Product Version: 5.7

Resolution

Root Cause

When doing recovery, a replica will ping its leader first. But if the “ping” takes more than a second, then the replica will think the “ping” failed and retry the “ping”. That’s the reason we can get many “failed to connect leader” errors in solr logs. Please also refer to SOLR-13532 for more information.

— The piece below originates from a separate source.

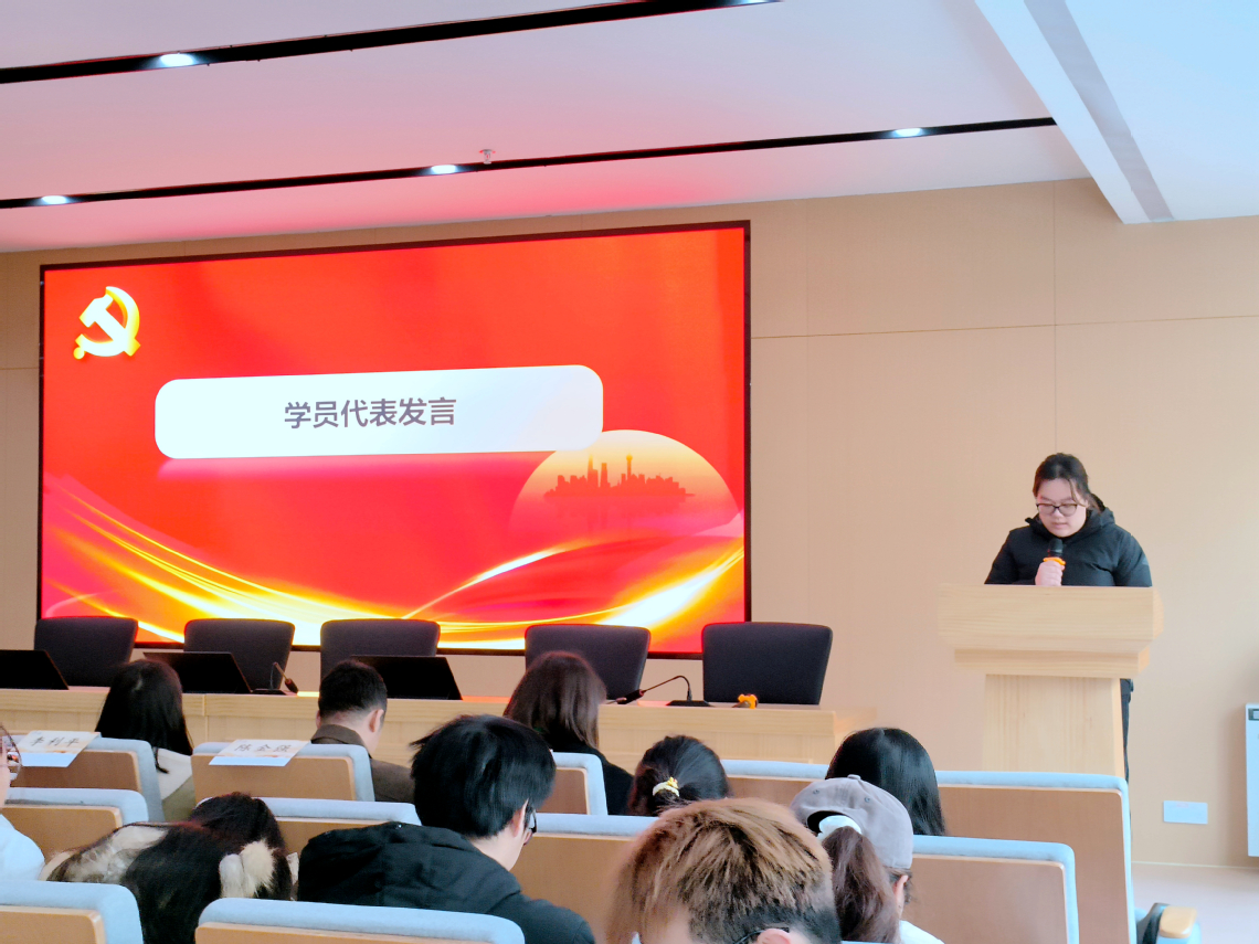 随后,学员代表黄悦发言。她回顾了在培训班期间的学习历程,从党的理论知识学习到实践活动参与,深刻体会到了作为一名入党积极分子的责任与使命。表示将以此次培训为新起点,进一步坚定理想信念,加强党性修养,在学习、生活和工作中时刻以党员标准严格要求自己,积极传播党的声音,为公司和班级建设贡献更多力量。

Why does the ping take more than a second to finish? Well, when the leader receives the ping request, it will do a query like “q=*:*&rows=10”. If we have too many docs in this leader, then it can take more than one second to finish the query. For more information, refer to the workaround below.


Workaround:

Add the following request handler “admin/ping” into solrconfig.xml to change the behavior of the ping. The default behavior of the ping is to conduct the query “q=*:*&rows=10”. We can change it to just return “status”:

<requestHandler name="/admin/ping" class="solr.PingRequestHandler">
   <lst name="defaults">
     <str name="action">status</str>
   </lst>
   <str name="healthcheckFile">server-enabled.txt</str>
</requestHandler>

Note: The request handler should be placed in the <config> </config> with the solrconfig.xml. If it is outside the config, it will not work. 

This will need to be applied for each of the indexes that has replicas down; it can be achieved with the following command:

gptext-config edit -i pivotal.dbo.product_participants -e vim -f solrconfig.xml

and 

gptext-config edit -i pivotal.dbo.product_participants -e vim -f solrconfig.xml


Run a gptext-recover -f to recover the cluster once the above change has been applied:

gptext-recover -f

Note: Please reverse this change once the recovery completes. This is a known issue with Solr and has been fixed in the latest release of GPText.